Лирику Матиевского отличает удивительная, совершенно естественная чистота, не имеющая ничего общего ни с «либеральной фривольностью», ни с казённым пуританством, где сквозь наивно-розовый косметический слой словес то и дело проступает подозрительная сыпь: то ли симптом нехорошей болезни, то ли след принудительного воздержания.

«Про что» эти стихи? Про жизнь и смерть. Про любовь и одиночество. Про Бога и «верить не во что». Словом, как всякая настоящая поэзия, они несводимы к формуле «про что» и являются по-своему образцом «чистого искусства». А ставя вопросы «как жить?» и «что делать?» (какие русские стихи без этого?), никаких окончательных рекомендаций читателю не дают.

Особо хочется сказать о ритмике стихов Матиевского. Такого широкого ритмического диапазона нет, пожалуй, ни у одного современного поэта. Иногда в пределах одного стихотворения ритм меняется несколько раз, но никогда это не вызывает ощущения нарочитого эксперимента, механического соединения разнородных элементов. Напротив. Переходы эти естественны, органичны, как ослабление-учащение пульса или дыхания.

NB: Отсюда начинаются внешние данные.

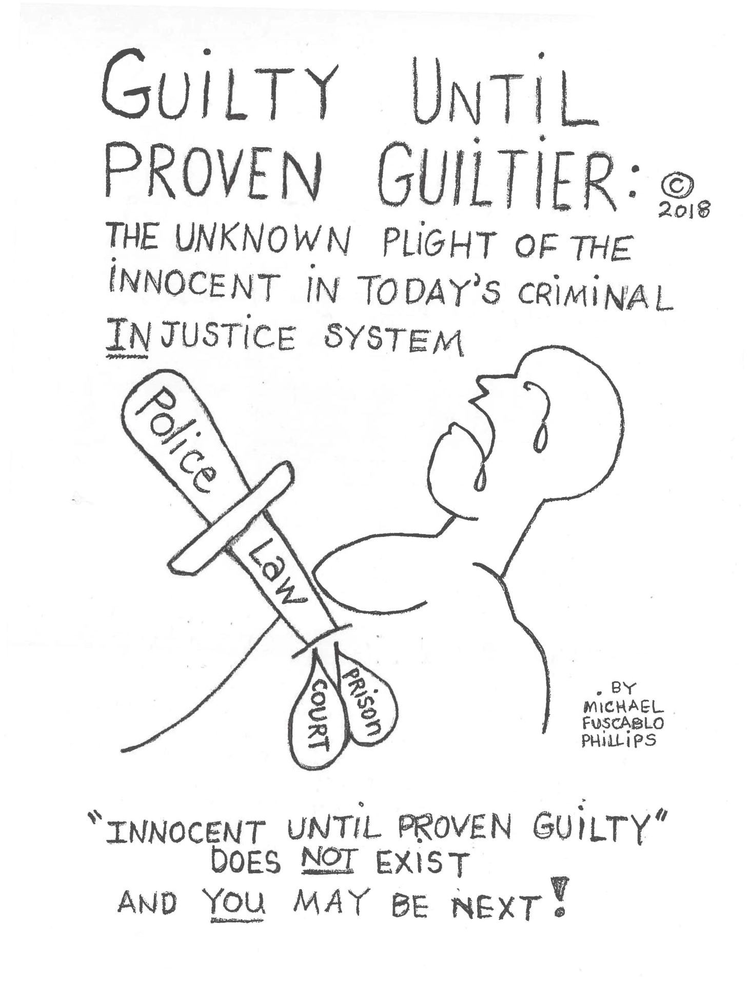 Artwork depicting the experience of the justice system, reading "Guilty until proven guiltier: the plight of the innocent in today's criminal INjustice system". By Michael Phillips
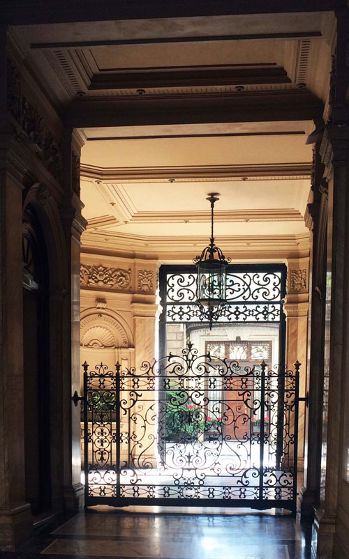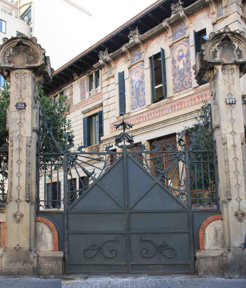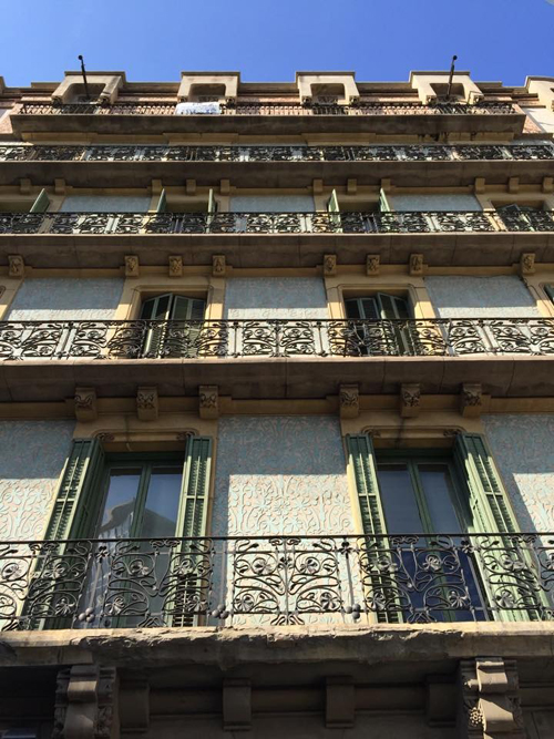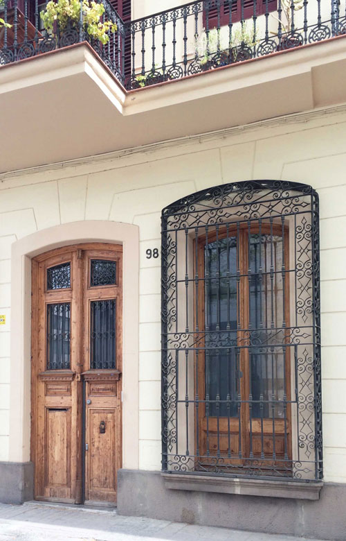 多くの建物の玄関にはロートアイアンが使用され、ガウディが影響された物と同様に、植物の装飾で飾られています。

Впрочем, не хотелось бы навязывать читателю (буде таковой объявится) свой взгляд на поэзию Матиевского. Одно бесспорно – она требует отдельного обстоятельного разговора. Единственное, чего никоим образом не следует ожидать (и тем более требовать) от стихов Матиевского, так это «чистоты звука» – приятной, как бы итальянской открытости слога – того самого достоинства, органично присущего русским «малым поэтам», как писал Мандельштам. Работа шла в ином направлении. Даже в стихотворении «Песенка» вместо ожидаемой «складности» (название предполагает!) – внезапно раздаётся косноязычный варварский каламбур: «Всякий вытащить топор тщится…» Обилие смысловых и звуковых «сдвигов», сложный ритмический рисунок стиха, интеллектуальные «отягощения» – всё это, как я уже не раз убеждался, сильно усложняет восприятие поэзии Матиевского. Но сдаётся мне, что если это и беда, то беда не поэта, а читателя.

    «Сумерки». 1989. № 6

Борис Божнев

В 1924 году в московском альманахе «Недра» стараниями вернувшегося из эмиграции Валентина Парнаха были опубликованы три стихотворения, подписанные «Борис Божнев».

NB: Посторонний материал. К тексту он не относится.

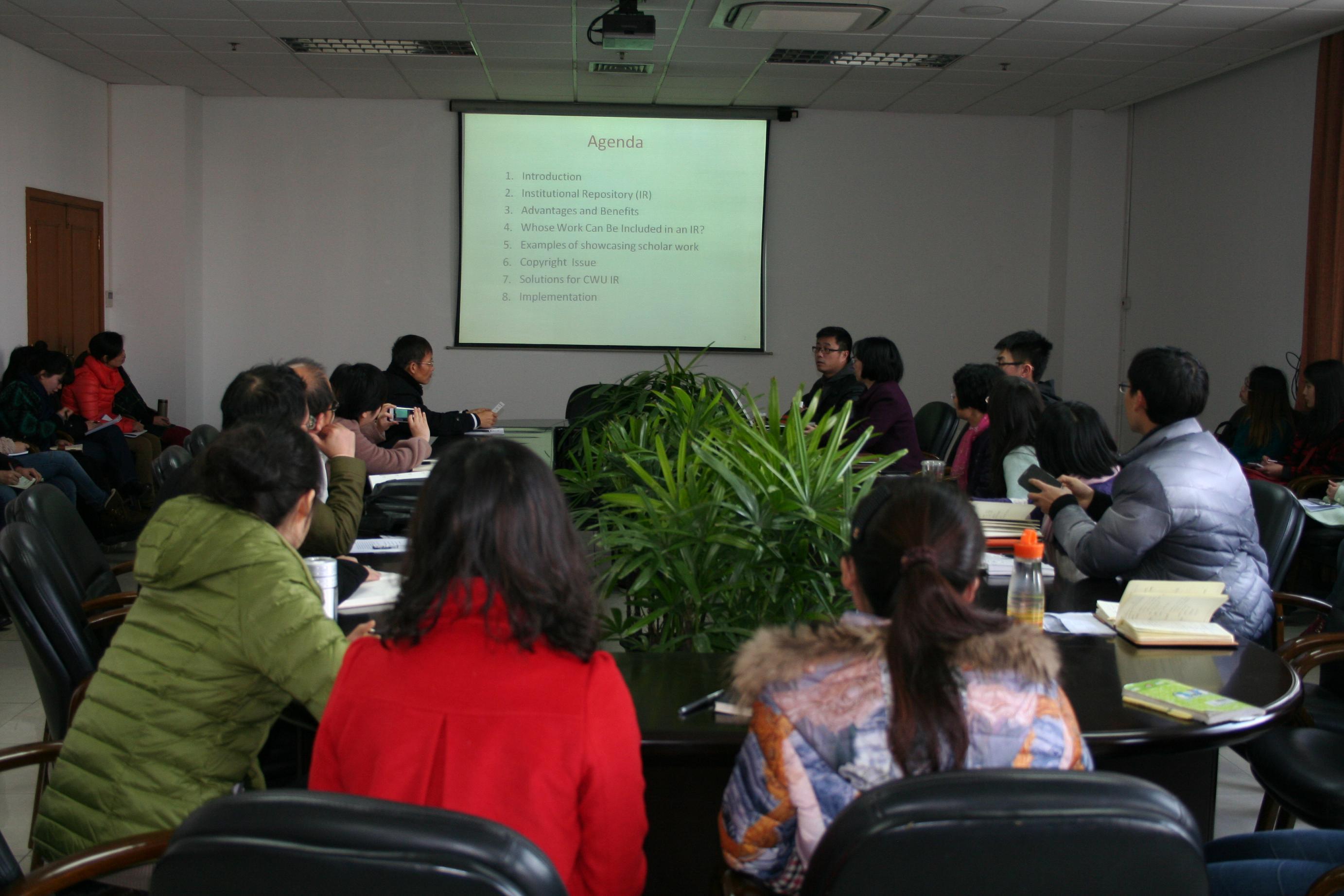 2014年3月14日上午,应德赢ac米兰官方合作vwin图书馆邀请,美国中央华盛顿大学(Central Washington University)图书馆系统部总负责人傅平先生前来校图书馆作《机构库服务与发展》学术报公告会,图书馆副馆长刘华主持报告会,馆办公室、资源建设中心、读者服务中心、信息服务中心等部门同仁近40人参加报告会交流,上海地区部分高校图书馆同仁也前来参加交流。
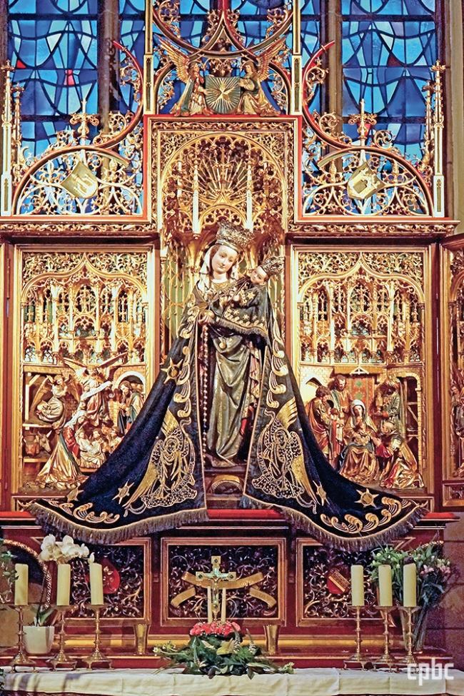| ‘바다의 별’ 성모상(15세기). 원래 마스트리흐트 프란치스코회 성당에 모셔져 있었다. 전쟁과 세속화 속에 여러 차례 옮기다가 1837년 성 니콜라스 성당 폐쇄 후 지금의 성모 바실리카로 옮겼고, 1903년 바실리카 입구의 메로데 소성당에 자리 잡았다. 1912년 성 비오 10세 교황의 대관으로 ‘바다의 별’ 성모상으로 공식 선포되었다 |

Увы, этим и ограничилось – и до сих пор ограничивается – знакомство читателя из СССР с поэтом, своеобразно преломившим в своем творчестве традиции отечественного и европейского авангарда. Практически неизвестен на родине Борис Божнев и как художник – один из первых (если не по рангу, то хотя бы по времени) русских примитивистов. В последнее время возрождается определённый интерес к творчеству Божнева на Западе: издан каталог его живописных работ, увидело свет двухтомное «Собрание стихотворений». Хотя, с другой стороны, имя поэта не попало в достаточно полный и авторитетный «Энциклопедический словарь русской литературы с 1917 года» В. Казака. Впрочем, «виноват» в этом отчасти и сам Божнев. Как пишет автор предисловия к «Собранию стихотворений» Л. Флейшман, «Божнев в быту отличался крайней замкнутостью и подолгу и неожиданно „выпадал” из литературной жизни».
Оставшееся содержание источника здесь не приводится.